Results: Six days after hepatic arterial ligation, the mean tumor volume in control group, HAL group, and HAL plus octreotide group was 0.103 +/- 0.043 cm3, 0.030 +/- 0.018 cm3, and 0.016 +/- 0.005 cm3, respectively. The tumor volume in the two behind groups was smaller than that in the control group (P < 0.01), and the tumor growth-inhibiting rate was 70.8%, and 84.5%, respectively. Compared with the HAL group, the tumor volume in HAL plus octreotide group decreased significantly (P < 0.05). Hoechst 33342 labeled cells' number in control group, HAL group, and HAL plus octreotide group was 369.7 +/- 30.2, 344.1 +/- 26.0, and 323.2 +/- 40.4, respectively.
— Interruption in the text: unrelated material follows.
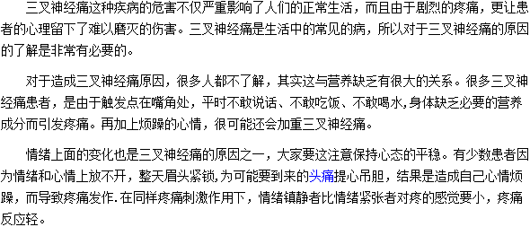 以上就是常见的三叉神经痛的原因的介绍,在日常生活中一定要多加注意,如您已经得了三叉神经痛,可以对症进行治疗。对症治疗的意思就是根据具体的患病原因以及患者所表现出来的具体症状选择出较为合适的治疗措施,这样就能够取得事半功倍的效果。

The number in HAL combined with octreotide group decreased significantly compared with that in control group (P < 0.05), which suggested that the blood perfusion of tumor in HAL plus octreotide group decreased significantly. The expression of vascular endothelial growth factor and matrix metalloprotenase-1 mRNA decreased slightly, but not significantly in HAL plus octreotide group compared with that in HAL group (P > 0.05).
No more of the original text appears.